I already tried changing TQ_GLOBAL_WINDOW_SIZE to 5 instead of 10 and that helped. Changing it to one is interesting. I've not tried it yet, but i would of thought some ring buffer was needed to handle the 0s which are added when originator messages are received for other neighbors.
I already tried reducing the hop penalty. However testing showed it behaved worse. This i don't understand. So i'm guessing my test setup changed between my different tests. So i need to run the test again, both the control and the modified hop penalty.
What ideas do you have for improving the algorithms. Depending on the scale of work needed i might have some time to do some coding.
Andrew
On Wednesday 24 June 2009 16:28:45 Andrew Lunn wrote:
I already tried changing TQ_GLOBAL_WINDOW_SIZE to 5 instead of 10 and that helped. Changing it to one is interesting. I've not tried it yet, but i would of thought some ring buffer was needed to handle the 0s which are added when originator messages are received for other neighbors.
Oh yeah, you right about the 0s.
What ideas do you have for improving the algorithms. Depending on the scale of work needed i might have some time to do some coding.
I'd suggest we discuss this in a more interactive mode as chatting via IRC. What about the batman IRC channel ?
Regards, Marek
What ideas do you have for improving the algorithms. Depending on the scale of work needed i might have some time to do some coding.
I've been sending Simon and Marek some emails lately about some ideas for dynamic originator intervals. Basically the idea was, to not use any external devices like GPS (weather station, news paper articles, fortune tellers, ...) for detecting the dynamicness of the environment and changing the OGM-interval on those pieces of information, but that the information about the changes of the TQ-values over time should be sufficient to detect changing conditions.
If you (or others) might be interested, I could translate those ideas to English and post them on our wiki-page. I would love to get some more feedback and enhancements to them.
Cheers, Linus
On Wed, Jun 24, 2009 at 11:06:31PM +0200, Linus Lüssing wrote:
What ideas do you have for improving the algorithms. Depending on the scale of work needed i might have some time to do some coding.
I've been sending Simon and Marek some emails lately about some ideas for dynamic originator intervals.

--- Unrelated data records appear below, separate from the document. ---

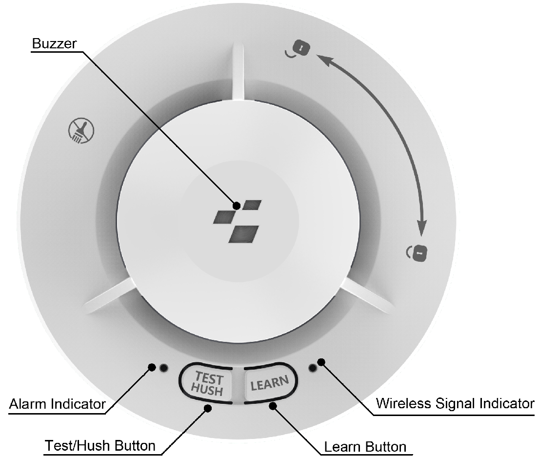 När det är i larmtillstånd, tryck på Test / Hush-knappen och produkten kommer att gå in i tystnadsläge. Larmindikatorn blinkar var 9: e sekund och inget hörbart ljud hörs, om inte rök blir tätare. Som kommer att vara i ca 9 minuter. Om du trycker på och håller Test / Hush-knappen i flera sekunder kommer att avsluta tystnadsläget.
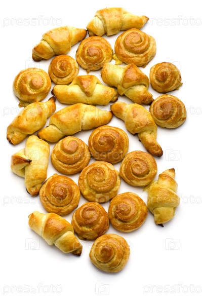 Булочки и круассаны на белом фоне
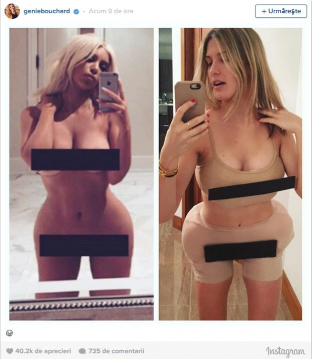 Sportiva, care are mai mult de 1 milioane de urmăritori pe Instagram, și-a introdus hârtii în lenjeria intimă și s-a pozat în aceeași postură ca modelul american, postând poza pe contul propriu cu referire la "Kim K".
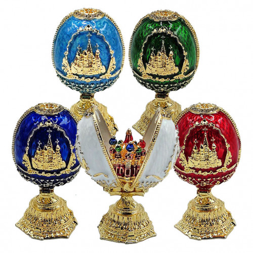 Яйце-шкатулка під Фаберже,  усередині з храмом Василия  Блаженного на магниті. Виготовлена з металу, покрита кольоровою емаллю та прикрашена стразами.
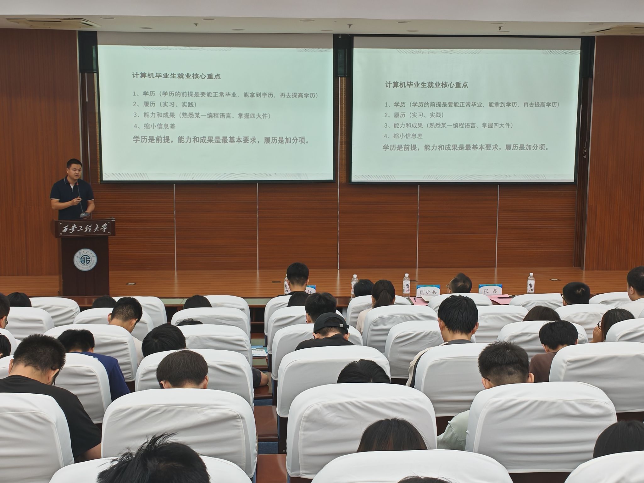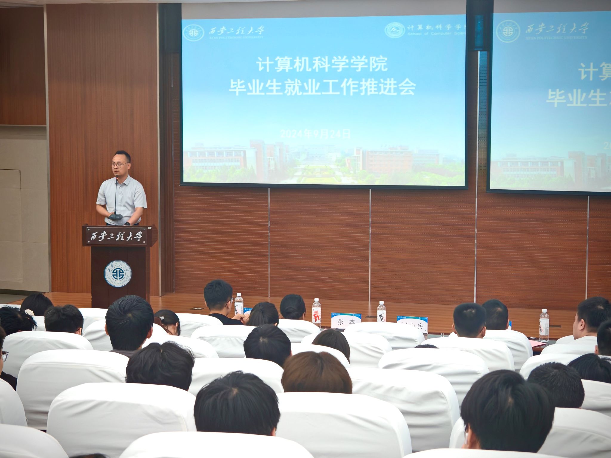 9月24日晚,美加墨世界杯官方网站在临潼校区图书馆二楼报告厅成功召开2025届毕业生“一站式”就业工作推进会。公司党委副书记(主持工作)闫小兵、学工办主任张苹、2021级辅导员张鑫、23级研究生白雨轩、21级全体毕业生参会,会议由毕业班辅导员张鑫主持。
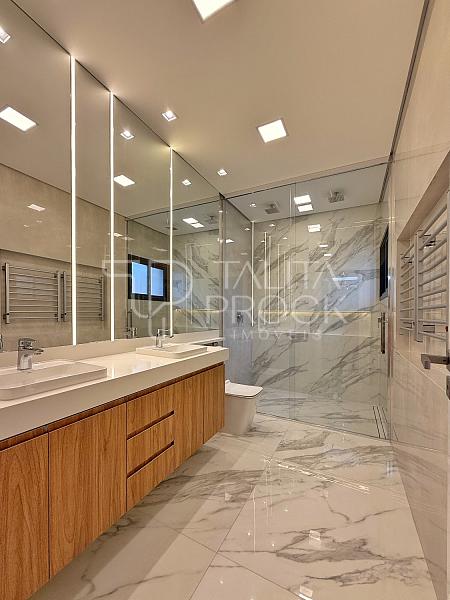 São 04 suítes, sendo uma delas com closet, além de 05 banheiros e 01 lavabo, todos com pedras nobres como Quartzo Super Branco, Mármore Branco Paraná e Granito Branco Siena.

Basically the idea was, to not use any external devices like GPS (weather station, news paper articles, fortune tellers, ...) for detecting the dynamicness of the environment and changing the OGM-interval on those pieces of information, but that the information about the changes of the TQ-values over time should be sufficient to detect changing conditions.
That probably does not help my situation when a node goes away. I'm guessing a node in a vehicle will vanish from the mesh very quickly. I don't currently know in our situation if it is normal to perform a shutdown, or if it just drives off.

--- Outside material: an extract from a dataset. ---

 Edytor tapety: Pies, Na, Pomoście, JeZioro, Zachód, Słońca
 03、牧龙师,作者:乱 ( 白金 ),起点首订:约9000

It is not a general solution, but i did wonder about adding support for signalling a node is shutting down. It could say broadcast a BAT_BYE message, 5 times at 20ms intervals. Neighbors who receive such a message would then take the originator straight out of their tables, picking another neighbor for the next hop if possible.

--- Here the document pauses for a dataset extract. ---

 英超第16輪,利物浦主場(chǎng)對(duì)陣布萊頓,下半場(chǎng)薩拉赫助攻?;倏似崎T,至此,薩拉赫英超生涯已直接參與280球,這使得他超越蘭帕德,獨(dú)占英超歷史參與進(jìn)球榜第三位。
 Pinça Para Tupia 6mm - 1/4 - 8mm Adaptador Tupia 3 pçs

Getting the ordering right during shutdown could be interesting. We need the bat0 interface to be put down before other interfaces it depends on. So long as the init.d files have the correct priority this should be possible.
If you (or others) might be interested, I could translate those ideas to English and post them on our wiki-page. I would love to get some more feedback and enhancements to them.
I would be interested. By the way, what language are they currently in? I read German if that is any help.